Video search engines are computer programs designed to find videos stored on digital devices, either through Internet servers or in storage units from the same computer. These searches can be made through audiovisual indexing, which can extract information from audiovisual material and record it as metadata, which will be tracked by search engines.

Utility

The main use of these search engines is the increasing creation of audiovisual content and the need to manage it properly. The digitization of audiovisual archives and the establishment of the Internet, has led to large quantities of video files stored in big databases, whose recovery can be very difficult because of the huge volumes of data and the existence of a semantic gap.

Search criterion

The search criterion used by each search engine depends on its nature and purpose of the searches.

Metadata

Metadata is information about facts. It could be information about who is the author of the video, creation date, duration, and all the information that could be extracted and included in the same files. Internet is often used in a language called XML to encode metadata, which works very well through the web and is readable by people. Thus, through this information contained in these files is the easiest way to find data of interest to us.

In the videos there are two types of metadata, that we can integrate in the video code itself and external metadata from the page where the video is. In both cases we optimize them to make them ideal when indexed.

Internal metadata

All video formats incorporate their own metadata. The title, description, coding quality or transcription of the content are possible. To review these data exist programs like FLV MetaData Injector, Sorenson Squeeze or Castfire. Each one has some utilities and special specifications.

Converting from one format to another can lose much of this data, so check that the new format information is correct. It is therefore advisable to have the video in multiple formats, so all search robots will be able to find and index it.

External metadata

In most cases the same mechanisms must be applied as in the positioning of an image or text content.

Title and description

They are the most important factors when positioning a video, because they contain most of the necessary information. The titles have to be clearly descriptive and should remove every word or phrase that is not useful.

Filename

It should be descriptive, including keywords that describe the video with no need to see their title or description. Ideally, separate the words by dashes "-".

Tags

On the page where the video is, it should be a list of keywords linked to the microformat "rel-tag". These words will be used by search engines as a basis for organizing information.

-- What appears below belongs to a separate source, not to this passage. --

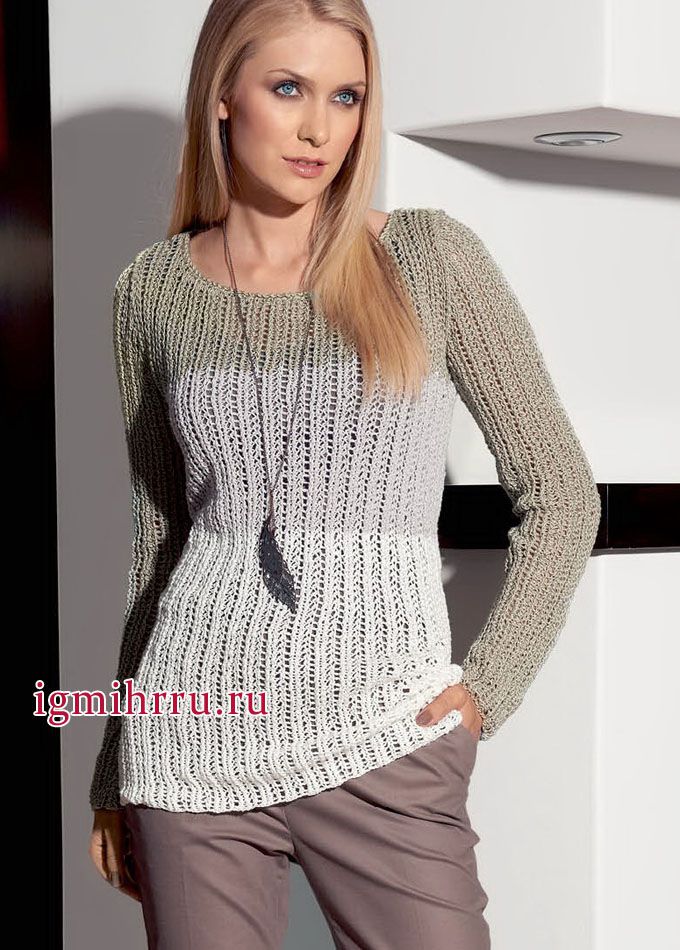 На каждый день. Ажурный пуловер с эффектом перетекания цветов, от немецких дизайнеров. Вязание спицами

Transcription and subtitles

Although not completely standard, there are two formats that store information in a temporal component that is specified, one for subtitles and another for transcripts, which can also be used for subtitles. The formats are SRT or SUB for subtitles and TTXT for transcripts.

Speech recognition

Speech recognition consists of a transcript of the speech of the audio track of the videos, creating a text file. In this way and with the help of a phrase extractor can easily search if the video content is of interest. Some search engines apart from using speech recognition to search for videos, also use it to find the specific point of a multimedia file in which a specific word or phrase is located and so go directly to this point. Gaudi (Google Audio Indexing), a project developed by Google Labs, uses voice recognition technology to locate the exact moment that one or more words have been spoken within an audio, allowing the user to go directly to exact moment that the words were spoken. If the search query matches some videos from YouTube, the positions are indicated by yellow markers, and must pass the mouse over to read the transcribed text.

Speaker recognition

In addition to transcription, analysis can detect different speakers and sometime attribute the speech to an identified name for the speaker.

Text recognition

The text recognition can be very useful to recognize characters in the videos through "chyrons". As with speech recognizers, there are search engines that allow (through character recognition) to play a video from a particular point.

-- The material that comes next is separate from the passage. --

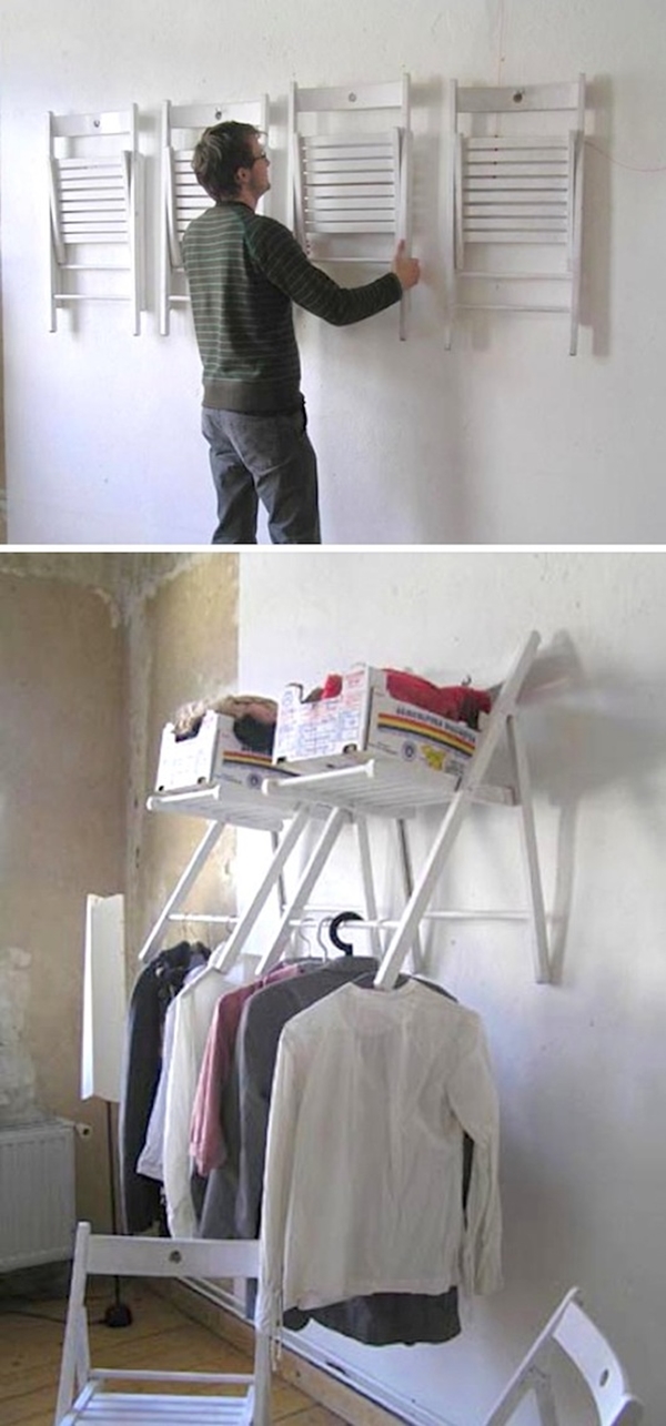 16. เก้าอี้พับตัวเก่าๆ มาทาสีให้สวยเหมือนใหม่ แล้วแขวนบนกำแพง กลายเป็นชั้นวางของและราวแขวนเสื้อก็ได้

TalkMiner, an example of search of specific fragments from videos by text recognition, analyzes each video once per second looking for identifier signs of a slide, such as its shape and static nature, captures the image of the slide and uses Optical Character Recognition (OCR) to detect the words on the slides. Then, these words are indexed in the search engine of TalkMiner, which currently offers to users more than 20,000 videos from institutions such as Stanford University, the University of California at Berkeley, and TED.

Frame analysis

Through the visual descriptors we can analyze the frames of a video and extract information that can be scored as metadata. Descriptions are generated automatically and can describe different aspects of the frames, such as color, texture, shape, motion, and the situation.

Chaptering

The video analysis can lead to automatic chaptering, using technics such as change of camera angle, identification of audio jingles. By knowing the typical structure of a video document, it is possible to identify starting and ending credits, content parts and beginning and ending of advertising breaks.

Ranking criterion

The usefulness of a search engine depends on the relevance of the result set returned. While there may be millions of videos that include a particular word or phrase, some videos may be more relevant, popular or have more authority than others. This arrangement has a lot to do with search engine optimization.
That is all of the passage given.